Hoping to see lot more dev list threads similar to this one.
Suresh
On Sep 16, 2016, at 10:16 PM, Shenoy, Gourav Ganesh
<[email protected]<mailto:[email protected]>> wrote:
Hi dev,
I finally managed to get the mesos-marathon cluster up & running using the
Ansible script. There were couple of issues because of which things were
failing. I have listed the problems faced during installation & the solutions
that fixed things for me.
1. Marathon was not getting installed – This is because Marathon just released
a new build (version: 1.3.0-1.0.506.el7) 2 days back and apparently the RPM for
this version is corrupt, and hence a plain “yum install marathon” fails.
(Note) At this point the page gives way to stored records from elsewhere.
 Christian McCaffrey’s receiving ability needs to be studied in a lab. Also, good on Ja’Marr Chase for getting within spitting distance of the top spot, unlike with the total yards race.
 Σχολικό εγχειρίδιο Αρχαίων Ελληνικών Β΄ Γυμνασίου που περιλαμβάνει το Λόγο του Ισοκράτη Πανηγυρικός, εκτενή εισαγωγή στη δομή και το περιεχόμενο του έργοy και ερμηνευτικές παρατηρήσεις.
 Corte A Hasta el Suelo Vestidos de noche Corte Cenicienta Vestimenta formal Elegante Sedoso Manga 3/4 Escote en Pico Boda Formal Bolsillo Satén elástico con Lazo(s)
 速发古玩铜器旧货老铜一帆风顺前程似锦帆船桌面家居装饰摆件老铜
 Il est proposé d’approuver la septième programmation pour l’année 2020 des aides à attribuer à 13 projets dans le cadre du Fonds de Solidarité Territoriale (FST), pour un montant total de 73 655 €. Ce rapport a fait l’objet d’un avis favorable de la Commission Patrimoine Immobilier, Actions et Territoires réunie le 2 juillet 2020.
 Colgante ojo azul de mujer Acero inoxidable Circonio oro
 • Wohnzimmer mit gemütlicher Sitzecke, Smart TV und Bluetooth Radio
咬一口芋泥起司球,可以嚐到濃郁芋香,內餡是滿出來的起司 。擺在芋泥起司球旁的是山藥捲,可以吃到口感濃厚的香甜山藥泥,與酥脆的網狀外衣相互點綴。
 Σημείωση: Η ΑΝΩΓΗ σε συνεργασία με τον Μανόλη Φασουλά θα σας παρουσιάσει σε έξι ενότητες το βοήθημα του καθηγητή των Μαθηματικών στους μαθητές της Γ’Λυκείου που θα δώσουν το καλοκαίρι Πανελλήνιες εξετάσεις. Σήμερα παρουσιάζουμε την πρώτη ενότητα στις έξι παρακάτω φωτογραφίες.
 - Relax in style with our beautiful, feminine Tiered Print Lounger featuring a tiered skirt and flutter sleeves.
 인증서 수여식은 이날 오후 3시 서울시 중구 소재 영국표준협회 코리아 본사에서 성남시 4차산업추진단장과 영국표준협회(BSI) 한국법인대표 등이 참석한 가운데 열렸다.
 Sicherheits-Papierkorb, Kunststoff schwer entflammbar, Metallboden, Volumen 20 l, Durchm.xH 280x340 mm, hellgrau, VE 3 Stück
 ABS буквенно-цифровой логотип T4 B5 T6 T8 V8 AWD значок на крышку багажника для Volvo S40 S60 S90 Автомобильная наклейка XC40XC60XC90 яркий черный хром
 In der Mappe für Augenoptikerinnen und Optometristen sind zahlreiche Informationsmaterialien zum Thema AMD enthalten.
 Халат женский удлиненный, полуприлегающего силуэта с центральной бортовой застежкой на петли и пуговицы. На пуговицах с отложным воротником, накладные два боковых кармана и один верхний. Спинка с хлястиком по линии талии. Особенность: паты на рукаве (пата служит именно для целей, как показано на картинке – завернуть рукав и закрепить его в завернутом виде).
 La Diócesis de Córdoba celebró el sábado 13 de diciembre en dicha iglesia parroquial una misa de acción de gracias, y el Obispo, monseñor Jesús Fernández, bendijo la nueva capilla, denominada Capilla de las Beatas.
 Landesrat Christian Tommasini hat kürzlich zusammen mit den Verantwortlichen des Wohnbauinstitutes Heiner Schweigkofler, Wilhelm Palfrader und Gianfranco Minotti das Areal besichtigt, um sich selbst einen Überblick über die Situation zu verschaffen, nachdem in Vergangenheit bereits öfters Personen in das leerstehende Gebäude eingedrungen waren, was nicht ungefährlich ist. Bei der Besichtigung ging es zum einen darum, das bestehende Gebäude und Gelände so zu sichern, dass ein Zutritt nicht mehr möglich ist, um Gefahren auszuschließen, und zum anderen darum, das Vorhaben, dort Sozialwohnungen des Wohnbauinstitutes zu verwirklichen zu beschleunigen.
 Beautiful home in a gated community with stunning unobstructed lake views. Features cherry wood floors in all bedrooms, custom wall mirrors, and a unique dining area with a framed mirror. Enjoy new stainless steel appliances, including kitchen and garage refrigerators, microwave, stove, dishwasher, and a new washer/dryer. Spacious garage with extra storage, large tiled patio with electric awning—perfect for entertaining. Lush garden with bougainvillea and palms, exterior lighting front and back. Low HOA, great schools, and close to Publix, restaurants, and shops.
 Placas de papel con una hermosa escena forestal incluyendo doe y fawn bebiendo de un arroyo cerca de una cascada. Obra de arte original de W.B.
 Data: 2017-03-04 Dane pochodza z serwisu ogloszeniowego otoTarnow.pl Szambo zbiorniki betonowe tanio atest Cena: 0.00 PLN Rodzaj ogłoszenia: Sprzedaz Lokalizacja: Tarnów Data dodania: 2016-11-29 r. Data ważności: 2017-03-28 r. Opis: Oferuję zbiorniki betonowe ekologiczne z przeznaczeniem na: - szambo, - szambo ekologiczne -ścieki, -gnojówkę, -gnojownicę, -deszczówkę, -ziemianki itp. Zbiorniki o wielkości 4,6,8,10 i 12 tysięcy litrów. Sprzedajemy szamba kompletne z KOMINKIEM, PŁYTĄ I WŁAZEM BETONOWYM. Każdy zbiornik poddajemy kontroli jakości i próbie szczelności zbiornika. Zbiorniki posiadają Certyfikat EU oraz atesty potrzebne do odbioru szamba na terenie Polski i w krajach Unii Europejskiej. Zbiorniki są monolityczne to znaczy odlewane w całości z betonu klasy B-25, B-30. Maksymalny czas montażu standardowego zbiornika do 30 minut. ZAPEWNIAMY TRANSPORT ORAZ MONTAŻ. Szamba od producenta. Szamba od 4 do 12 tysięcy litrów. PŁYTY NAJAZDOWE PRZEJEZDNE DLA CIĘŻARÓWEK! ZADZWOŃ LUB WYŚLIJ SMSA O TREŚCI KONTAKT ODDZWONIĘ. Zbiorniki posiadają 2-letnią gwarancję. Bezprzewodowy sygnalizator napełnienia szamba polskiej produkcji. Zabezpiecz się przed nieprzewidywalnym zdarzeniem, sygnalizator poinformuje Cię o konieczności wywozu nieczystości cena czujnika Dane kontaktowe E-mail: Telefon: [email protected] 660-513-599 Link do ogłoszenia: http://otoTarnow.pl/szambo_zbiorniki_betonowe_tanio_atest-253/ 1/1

To get
around, I listed all versions of marathon present in the repository.
# yum --showduplicates list marathon | expand
marathon.x86_64 1.1.3-1.0.503.el7 mesosphere
marathon.x86_64 1.3.0-1.0.506.el7 mesosphere
The next latest version was 1.1.3-1.0.503.el7 which seemed stable, and hence I
updated the ansible task to use this version for marathon.
In “roles/mesos-master/tasks/main.yml” I updated the following:
- name: install mesos and marathon
yum:
name: "{{ item }}"
with_items:
- mesos
- marathon-1.1.3-1.0.503.el7
The mesos-marathon cluster installation worked perfectly fine after this change.
2. Even after this, the command “mesos-resolve `cat /etc/mesos/zk`” was
failing with the error Failed to obtain the IP address for 'ip-172-30-1-197';
the DNS service may not be able to resolve it: Name or service not known
Apparently it couldn’t resolve the hostname for the local master machine. I
resolved this issue by adding a host entry in each master node.
Eg: On master node which threw above error, I added the host entry (/etc/hosts):
172.30.1.197 ip-172-30-1-197
After this I was able to get the master-ip and visit the mesos dashboard
(master-ip:5050)
3. I noticed that although I was able to view the mesos dashboard, I
couldn’t access the marathon dashboard. The connection to <master-ip>:8080 was
getting refused. I then restarted the marathon service on the master node –
sudo service marathon restart. After this I was able to access the marathon
dashboard as well.
Hope this helps!
Thanks and Regards,
Gourav Shenoy
From: "Shenoy, Gourav Ganesh"
<[email protected]<mailto:[email protected]>>
Reply-To: "[email protected]<mailto:[email protected]>"
<[email protected]<mailto:[email protected]>>
Date: Friday, September 16, 2016 at 3:52 PM
To: "[email protected]<mailto:[email protected]>"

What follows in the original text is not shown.